From the listing that follows, reproduce only the lines from the one holding "(Posted 8/29/05) Taken" through the one holding "C’est qu’a déclaré, vendredi, à", both included, with no pictures.
═════ AVAILABLE DATA ═════
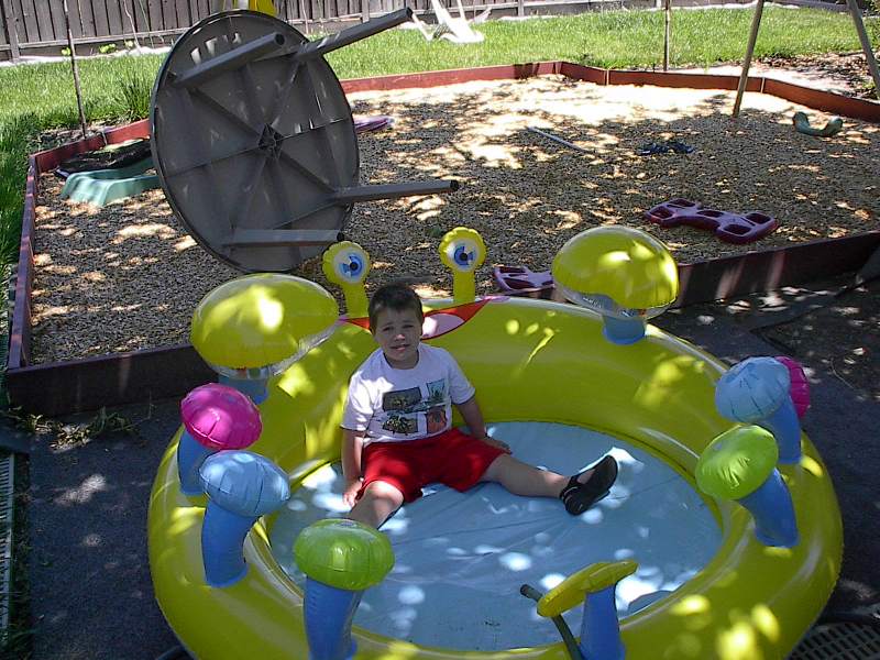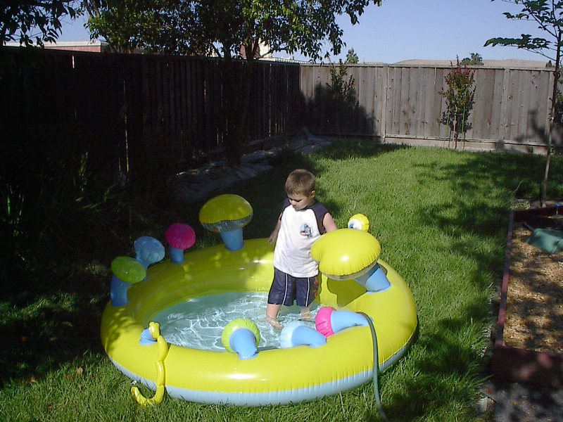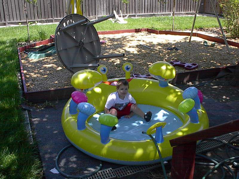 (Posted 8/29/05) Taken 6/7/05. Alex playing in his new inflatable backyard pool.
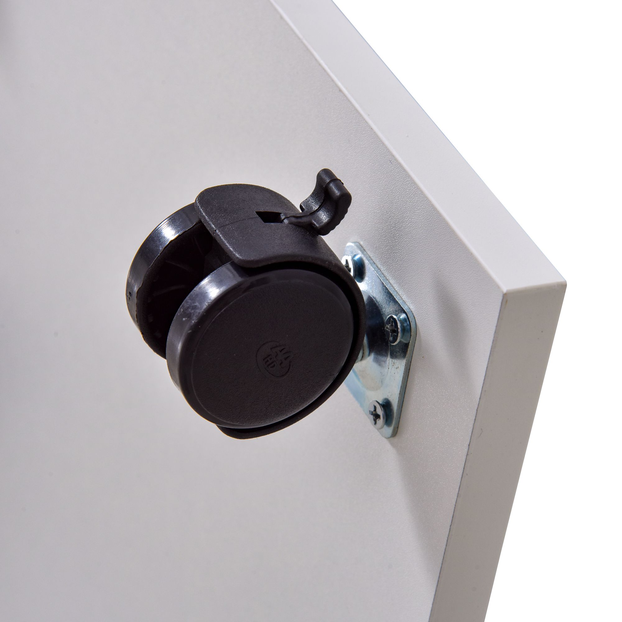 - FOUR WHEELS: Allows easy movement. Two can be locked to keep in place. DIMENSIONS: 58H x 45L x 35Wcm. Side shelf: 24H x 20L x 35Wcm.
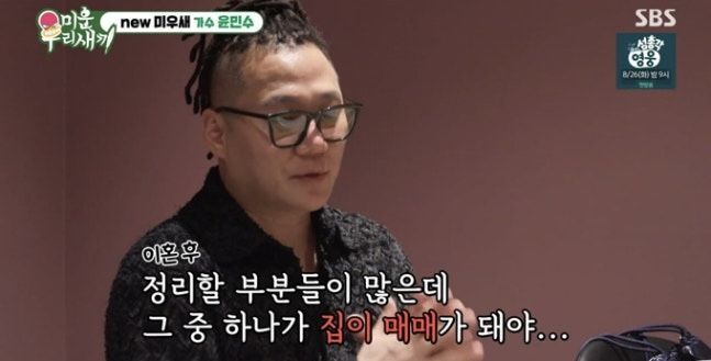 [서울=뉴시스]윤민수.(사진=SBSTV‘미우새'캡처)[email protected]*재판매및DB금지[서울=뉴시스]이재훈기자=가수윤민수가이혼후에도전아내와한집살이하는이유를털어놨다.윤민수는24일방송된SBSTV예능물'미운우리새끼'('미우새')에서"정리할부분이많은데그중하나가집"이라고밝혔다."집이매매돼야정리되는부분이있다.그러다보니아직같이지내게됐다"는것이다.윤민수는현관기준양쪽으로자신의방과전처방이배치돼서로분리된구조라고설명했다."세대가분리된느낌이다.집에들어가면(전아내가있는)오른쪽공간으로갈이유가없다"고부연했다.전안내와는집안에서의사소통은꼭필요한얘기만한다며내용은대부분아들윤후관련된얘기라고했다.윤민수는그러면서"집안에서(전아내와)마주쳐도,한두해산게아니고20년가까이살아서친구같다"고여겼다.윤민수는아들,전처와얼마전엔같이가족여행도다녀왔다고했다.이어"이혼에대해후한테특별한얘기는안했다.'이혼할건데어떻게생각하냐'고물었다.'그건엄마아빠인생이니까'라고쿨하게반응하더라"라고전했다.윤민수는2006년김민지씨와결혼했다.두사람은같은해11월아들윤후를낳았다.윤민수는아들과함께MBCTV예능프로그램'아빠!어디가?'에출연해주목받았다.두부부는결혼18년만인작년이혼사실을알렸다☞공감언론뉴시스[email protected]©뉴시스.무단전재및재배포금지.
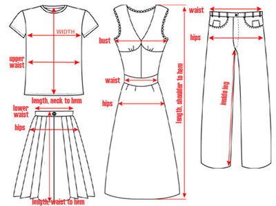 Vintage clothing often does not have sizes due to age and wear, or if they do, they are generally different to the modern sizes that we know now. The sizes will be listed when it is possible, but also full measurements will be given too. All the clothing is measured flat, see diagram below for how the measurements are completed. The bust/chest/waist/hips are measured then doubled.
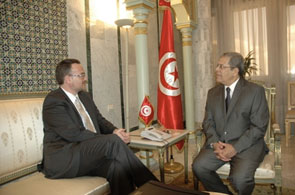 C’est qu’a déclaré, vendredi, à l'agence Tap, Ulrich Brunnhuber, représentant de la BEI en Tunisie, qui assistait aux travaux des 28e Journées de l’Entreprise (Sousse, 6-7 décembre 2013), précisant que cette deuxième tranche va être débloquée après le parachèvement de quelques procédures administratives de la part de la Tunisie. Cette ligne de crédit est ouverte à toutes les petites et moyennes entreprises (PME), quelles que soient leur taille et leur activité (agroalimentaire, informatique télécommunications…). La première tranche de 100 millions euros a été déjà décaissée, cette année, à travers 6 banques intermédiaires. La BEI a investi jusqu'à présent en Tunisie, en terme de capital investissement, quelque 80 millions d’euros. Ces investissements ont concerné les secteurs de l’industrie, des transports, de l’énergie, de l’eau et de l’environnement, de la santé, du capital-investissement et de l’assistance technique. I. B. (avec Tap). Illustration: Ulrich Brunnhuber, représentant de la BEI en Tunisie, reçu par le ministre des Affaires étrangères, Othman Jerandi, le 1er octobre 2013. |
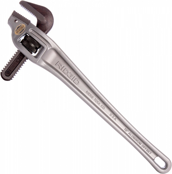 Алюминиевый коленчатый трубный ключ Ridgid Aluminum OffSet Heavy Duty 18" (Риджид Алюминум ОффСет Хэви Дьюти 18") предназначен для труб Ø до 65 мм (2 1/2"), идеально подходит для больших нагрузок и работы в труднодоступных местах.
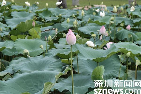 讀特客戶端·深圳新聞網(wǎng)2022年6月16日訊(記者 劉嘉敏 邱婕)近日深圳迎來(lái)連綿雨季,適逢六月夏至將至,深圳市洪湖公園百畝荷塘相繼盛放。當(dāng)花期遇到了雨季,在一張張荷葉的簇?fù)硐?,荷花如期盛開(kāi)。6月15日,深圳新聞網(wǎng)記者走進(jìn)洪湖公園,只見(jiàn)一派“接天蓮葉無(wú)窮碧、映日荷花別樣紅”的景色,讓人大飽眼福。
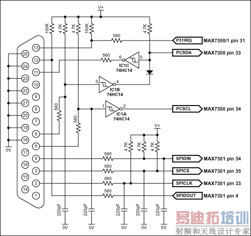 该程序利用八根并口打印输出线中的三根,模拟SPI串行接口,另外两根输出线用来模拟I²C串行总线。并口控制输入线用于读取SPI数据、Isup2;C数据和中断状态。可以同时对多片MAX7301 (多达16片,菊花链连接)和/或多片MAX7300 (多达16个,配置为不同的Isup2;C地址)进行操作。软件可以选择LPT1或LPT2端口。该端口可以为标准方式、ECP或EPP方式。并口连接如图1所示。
═════
═════ AVAILABLE DATA ═════
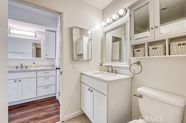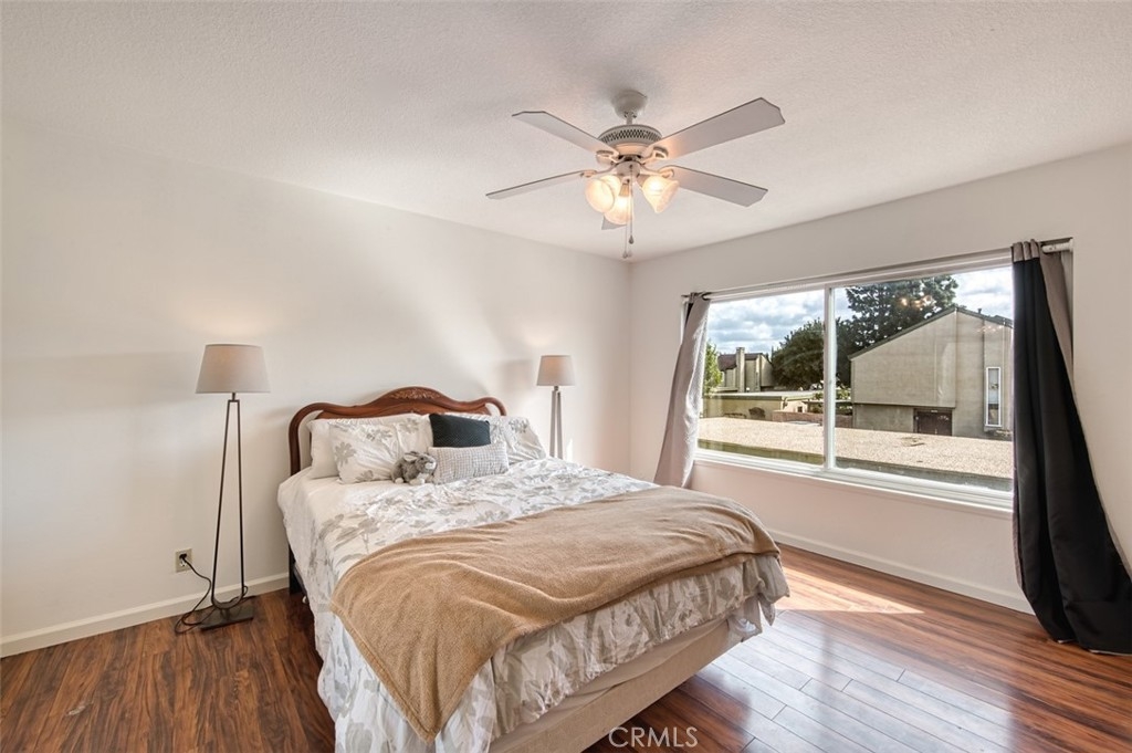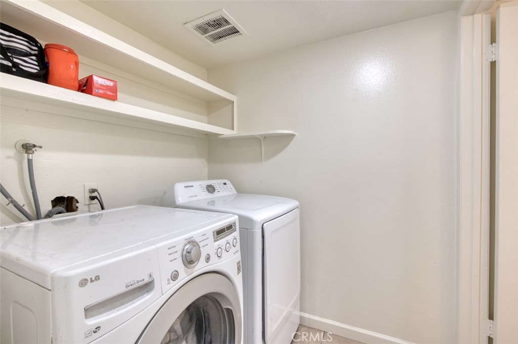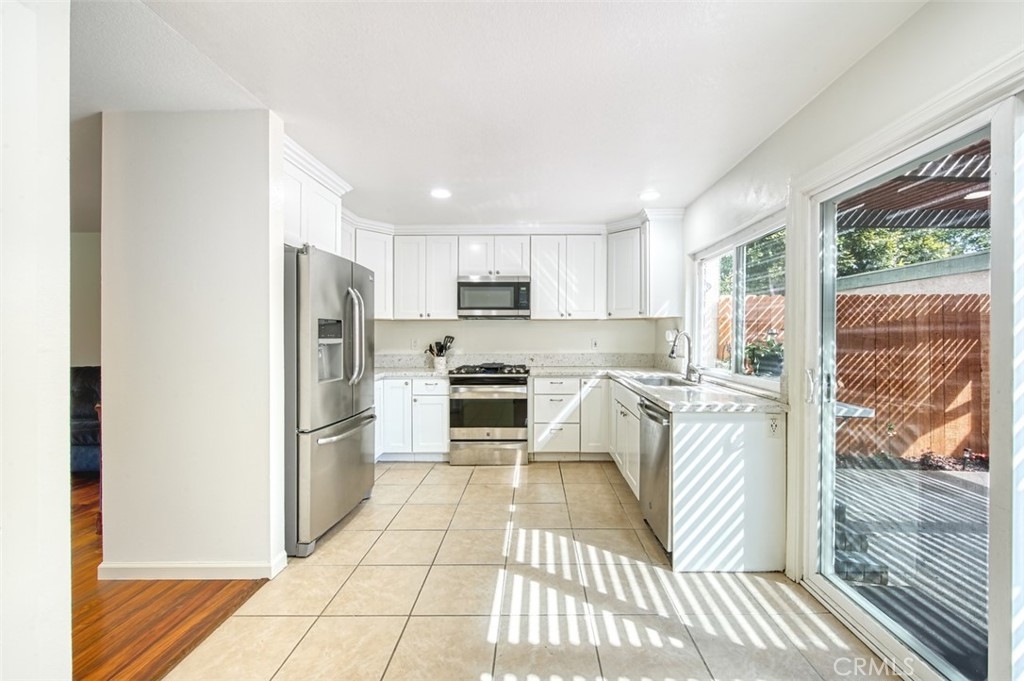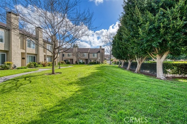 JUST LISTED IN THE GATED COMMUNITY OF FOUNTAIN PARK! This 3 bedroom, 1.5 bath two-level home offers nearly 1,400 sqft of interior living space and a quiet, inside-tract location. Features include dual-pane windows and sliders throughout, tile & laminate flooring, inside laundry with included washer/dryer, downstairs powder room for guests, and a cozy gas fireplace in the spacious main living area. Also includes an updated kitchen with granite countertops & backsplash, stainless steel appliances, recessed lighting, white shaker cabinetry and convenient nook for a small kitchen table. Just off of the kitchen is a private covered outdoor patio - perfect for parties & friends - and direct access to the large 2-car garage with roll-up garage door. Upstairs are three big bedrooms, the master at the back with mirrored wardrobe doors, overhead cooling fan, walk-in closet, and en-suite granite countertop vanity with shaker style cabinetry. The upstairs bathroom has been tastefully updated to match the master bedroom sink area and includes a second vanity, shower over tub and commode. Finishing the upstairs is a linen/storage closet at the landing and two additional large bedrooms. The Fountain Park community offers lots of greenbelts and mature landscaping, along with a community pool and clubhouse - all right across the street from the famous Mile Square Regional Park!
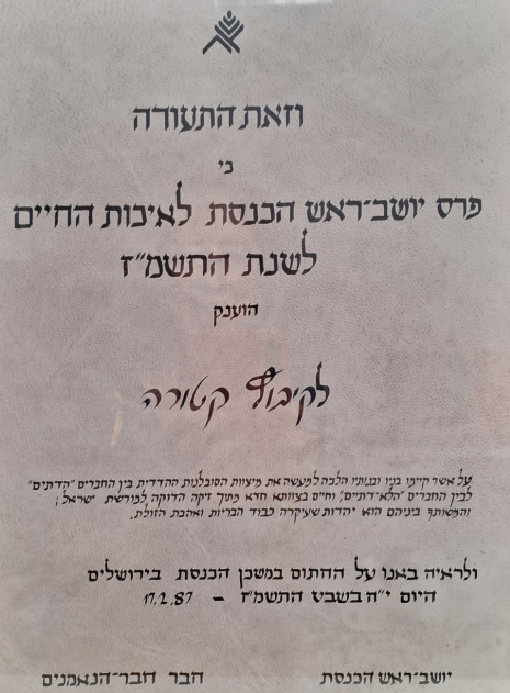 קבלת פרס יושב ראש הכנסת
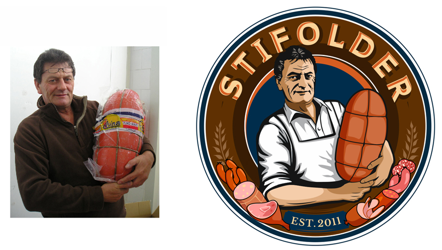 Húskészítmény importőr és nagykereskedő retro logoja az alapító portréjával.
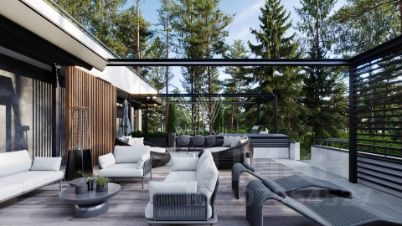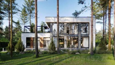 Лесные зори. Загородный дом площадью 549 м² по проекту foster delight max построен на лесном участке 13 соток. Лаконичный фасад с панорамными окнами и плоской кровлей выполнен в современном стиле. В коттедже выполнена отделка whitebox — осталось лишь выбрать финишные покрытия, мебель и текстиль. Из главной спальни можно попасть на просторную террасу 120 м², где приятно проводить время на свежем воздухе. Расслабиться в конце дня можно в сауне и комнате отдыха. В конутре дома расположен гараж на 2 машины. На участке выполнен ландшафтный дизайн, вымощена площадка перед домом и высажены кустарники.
═════
• _RESPONSE TO THIS TASK_
 (Posted 8/29/05) Taken 6/7/05. Alex playing in his new inflatable backyard pool.
 - FOUR WHEELS: Allows easy movement. Two can be locked to keep in place. DIMENSIONS: 58H x 45L x 35Wcm. Side shelf: 24H x 20L x 35Wcm.
 [서울=뉴시스]윤민수.(사진=SBSTV‘미우새'캡처)[email protected]*재판매및DB금지[서울=뉴시스]이재훈기자=가수윤민수가이혼후에도전아내와한집살이하는이유를털어놨다.윤민수는24일방송된SBSTV예능물'미운우리새끼'('미우새')에서"정리할부분이많은데그중하나가집"이라고밝혔다."집이매매돼야정리되는부분이있다.그러다보니아직같이지내게됐다"는것이다.윤민수는현관기준양쪽으로자신의방과전처방이배치돼서로분리된구조라고설명했다."세대가분리된느낌이다.집에들어가면(전아내가있는)오른쪽공간으로갈이유가없다"고부연했다.전안내와는집안에서의사소통은꼭필요한얘기만한다며내용은대부분아들윤후관련된얘기라고했다.윤민수는그러면서"집안에서(전아내와)마주쳐도,한두해산게아니고20년가까이살아서친구같다"고여겼다.윤민수는아들,전처와얼마전엔같이가족여행도다녀왔다고했다.이어"이혼에대해후한테특별한얘기는안했다.'이혼할건데어떻게생각하냐'고물었다.'그건엄마아빠인생이니까'라고쿨하게반응하더라"라고전했다.윤민수는2006년김민지씨와결혼했다.두사람은같은해11월아들윤후를낳았다.윤민수는아들과함께MBCTV예능프로그램'아빠!어디가?'에출연해주목받았다.두부부는결혼18년만인작년이혼사실을알렸다☞공감언론뉴시스[email protected]©뉴시스.무단전재및재배포금지.
 Vintage clothing often does not have sizes due to age and wear, or if they do, they are generally different to the modern sizes that we know now. The sizes will be listed when it is possible, but also full measurements will be given too. All the clothing is measured flat, see diagram below for how the measurements are completed. The bust/chest/waist/hips are measured then doubled.
 C’est qu’a déclaré, vendredi, à l'agence Tap, Ulrich Brunnhuber, représentant de la BEI en Tunisie, qui assistait aux travaux des 28e Journées de l’Entreprise (Sousse, 6-7 décembre 2013), précisant que cette deuxième tranche va être débloquée après le parachèvement de quelques procédures administratives de la part de la Tunisie. Cette ligne de crédit est ouverte à toutes les petites et moyennes entreprises (PME), quelles que soient leur taille et leur activité (agroalimentaire, informatique télécommunications…). La première tranche de 100 millions euros a été déjà décaissée, cette année, à travers 6 banques intermédiaires. La BEI a investi jusqu'à présent en Tunisie, en terme de capital investissement, quelque 80 millions d’euros. Ces investissements ont concerné les secteurs de l’industrie, des transports, de l’énergie, de l’eau et de l’environnement, de la santé, du capital-investissement et de l’assistance technique. I. B. (avec Tap). Illustration: Ulrich Brunnhuber, représentant de la BEI en Tunisie, reçu par le ministre des Affaires étrangères, Othman Jerandi, le 1er octobre 2013. |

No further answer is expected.